If you really want to get a grip on the student’s thinking processes and real strengths and weaknesses, this is the most effective way possible.

If you are forced by bureaucratic rules to get some sort of “objective” numerical measurement, there are lots and lots of tests out there; check the archives of this board with the search button, look for test or evaluation etc., and I’m sure you can find some names and possibly websites.

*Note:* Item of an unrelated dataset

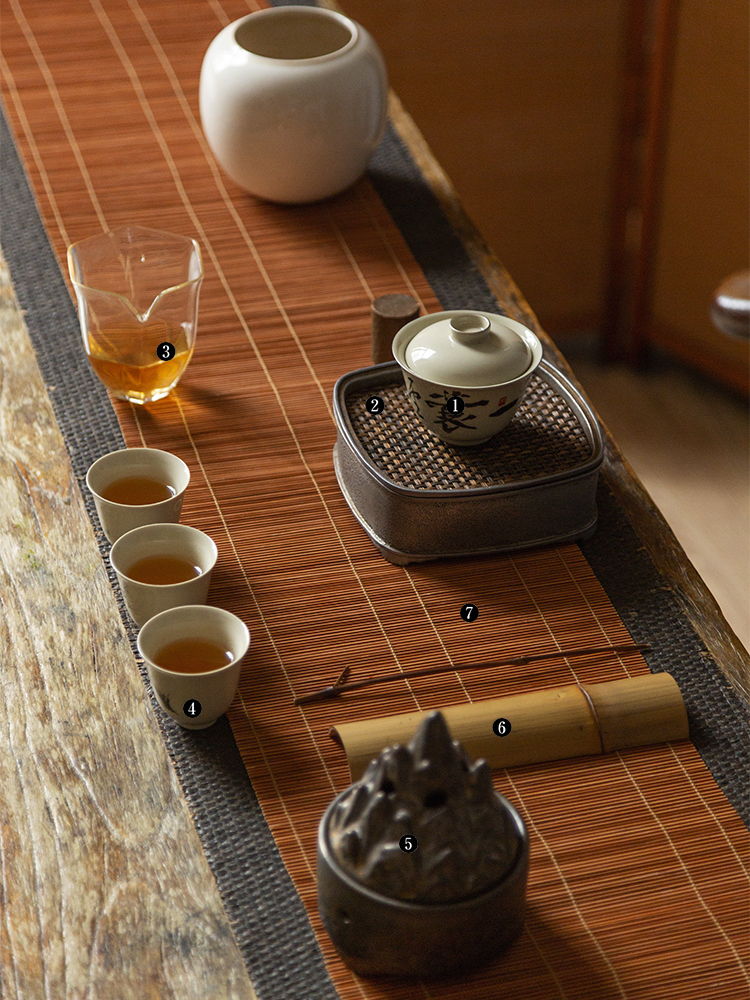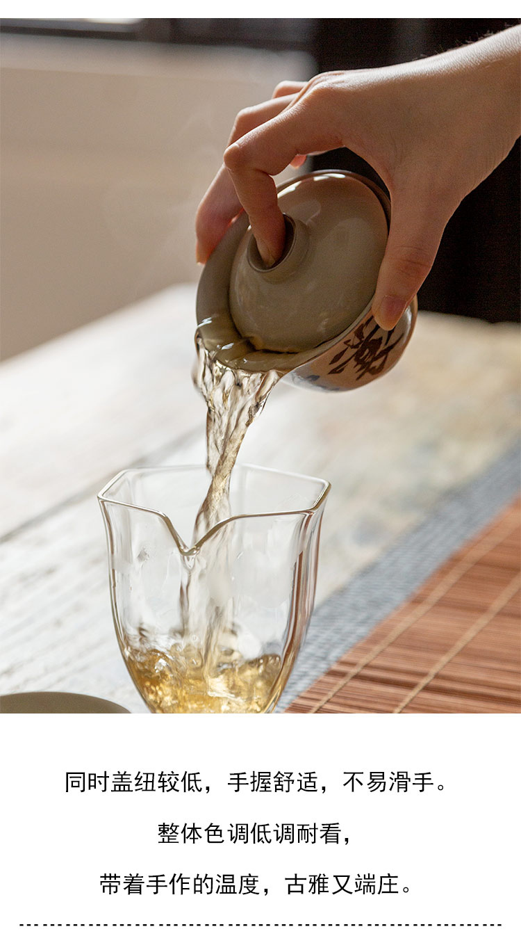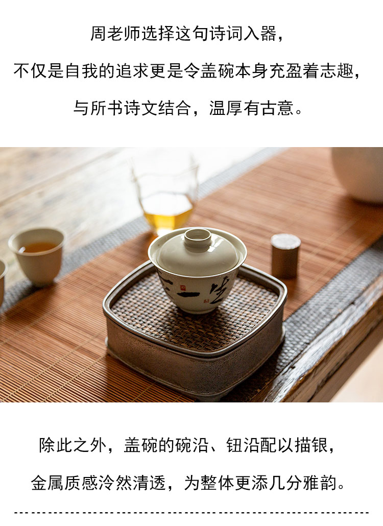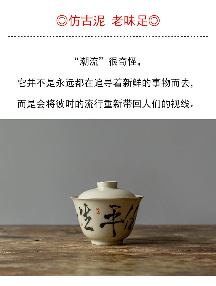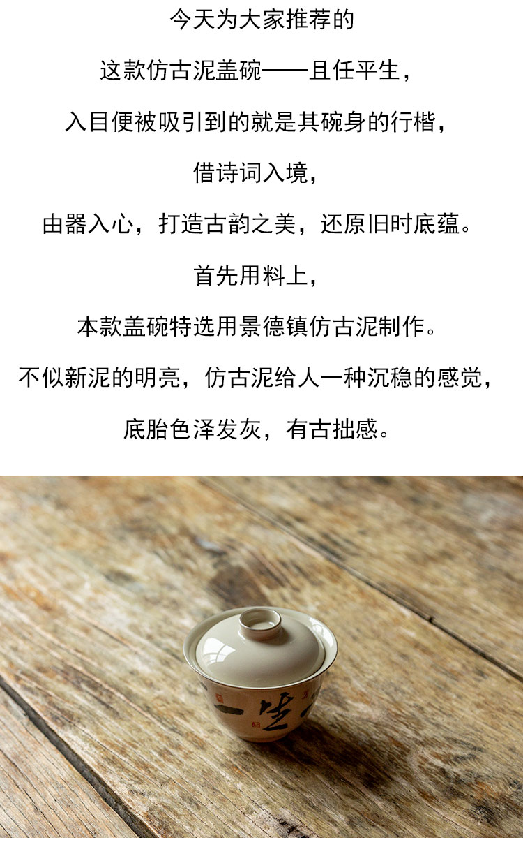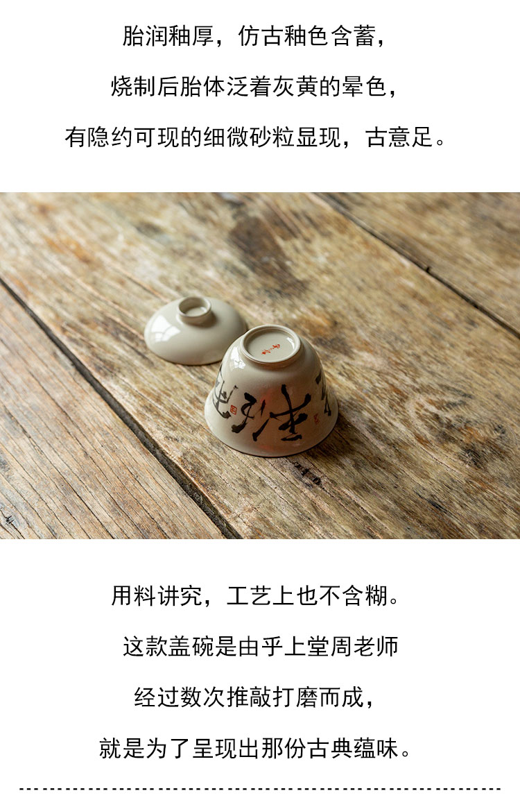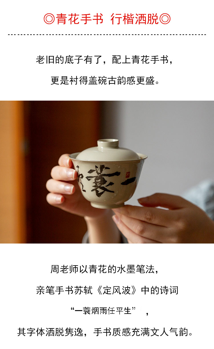 茶香记 仿古泥盖碗 且任平生 清雅古典 青花手书 行楷洒脱

Thank you so much! I believe I can use both and satisfy all.victoria wrote:
>
> I can give you an answer that may or may not help you,
> depending on your situation.
>
> I use an intensive-extensive personal interview during the
> first two or three hours of tutoring. I ask the student what
> he/she is having problems with and give sample problems
> either from my own knowledge or a text, and I ask them what
> to do to solve the problem, each step, as I write it down;
> then I ask them to do one on their own. The student shows
> exactly how his/her thinking is operating, and weaknesses are
> easy to pinpoint. For example, if you try to do a
> two/three-digit multiplication problem with carrying, acting
> as a scribe you very quickly find out if place value is
> confused, if the multiplication facts are known or not, if
> numbers get miscopied or lost, and in the final step if
> addition facts are weak. If a student tells me five times
> seven is forty-two, and six plus seven is fourteen, and adds
> the carries before multiplying, I know exactly what is going
> on. Having the student write out and solve a problem shows if
> the numbers are written so badly that the student can’t read
> his/her own work (a common problem by the way) and therefore
> makes errors of misreading, if place values are lined up, if
> steps are omitted, and so on. The same with reading problems
> and setting up multi-step solutions — can the student read
> the words? Does the student comprehend those words? Does
> he/she have any idea of a systematic system for
> problem-solving, or do they just fold up and say they can’t
> do it? (again very common), or do they grab the first number
> at hand and wildly choose any arithmetic operation out of the
> air (the other very common problem). Does he/she write
> something sensible, or just scribble all sorts of numbers all
> over a sheet of “scrap” paper (which I ban absolutely, by the
> way; my work is not trash, thank you very much) and then do
> they copy some random “answer”, without explanation, on
> another sheet? Does the student wait expectantly for marks as
> the only validation (or insist on marking their own paper as
> a necessary ritual), or try to actually see if the work makes
> some sense?
>
> If you really want to get a grip on the student’s thinking
> processes and real strengths and weaknesses, this is the most
> effective way possible.
>
> If you are forced by bureaucratic rules to get some sort of
> “objective” numerical measurement, there are lots and lots of
> tests out there; check the archives of this board with the
> search button, look for test or evaluation etc., and I’m
> sure you can find some names and possibly websites.